## [Problem description]
Using the listing below, give again exactly the lines from the line with "Bostadens badrum är" to the line with "Vibrant Red Koi Fish Tattoo on the Thigh", inclusive, without the pictures.

## [Working data]

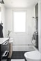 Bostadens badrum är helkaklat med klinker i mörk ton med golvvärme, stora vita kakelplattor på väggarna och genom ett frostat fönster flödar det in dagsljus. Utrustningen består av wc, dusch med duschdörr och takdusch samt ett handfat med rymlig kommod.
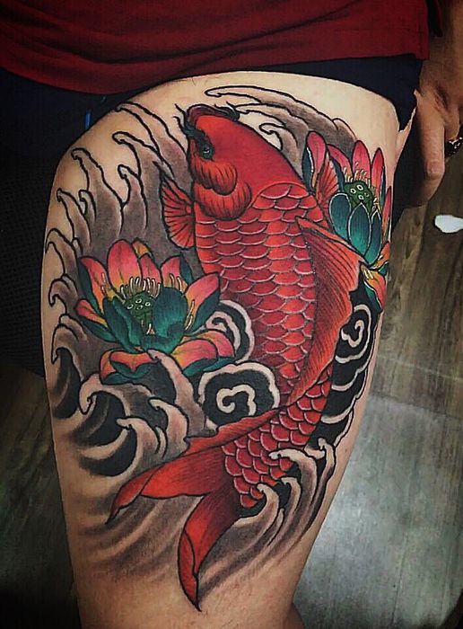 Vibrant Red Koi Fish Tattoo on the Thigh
...
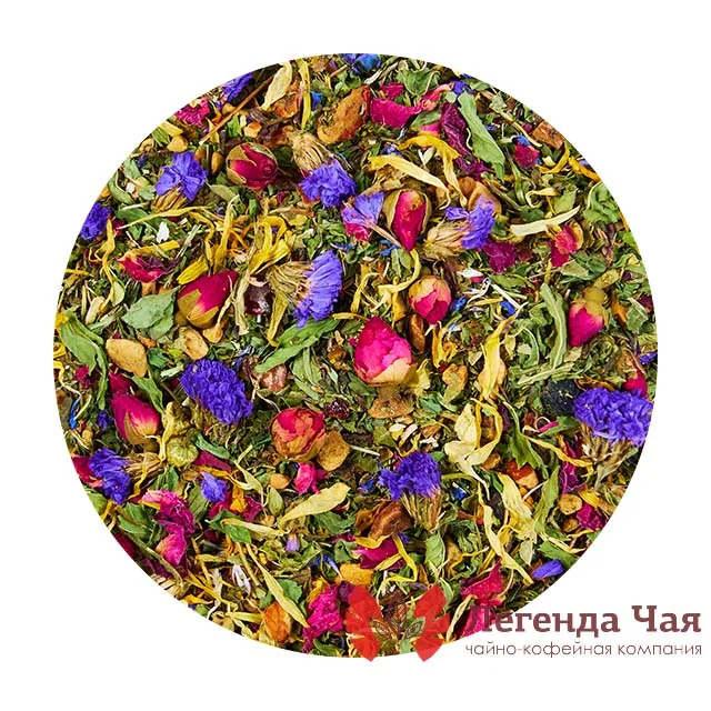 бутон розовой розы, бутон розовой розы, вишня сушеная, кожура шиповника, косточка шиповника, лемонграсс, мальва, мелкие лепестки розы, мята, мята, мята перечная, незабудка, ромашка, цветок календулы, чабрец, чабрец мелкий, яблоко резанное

## [Response for this exercise]
 Bostadens badrum är helkaklat med klinker i mörk ton med golvvärme, stora vita kakelplattor på väggarna och genom ett frostat fönster flödar det in dagsljus. Utrustningen består av wc, dusch med duschdörr och takdusch samt ett handfat med rymlig kommod.
 Vibrant Red Koi Fish Tattoo on the Thigh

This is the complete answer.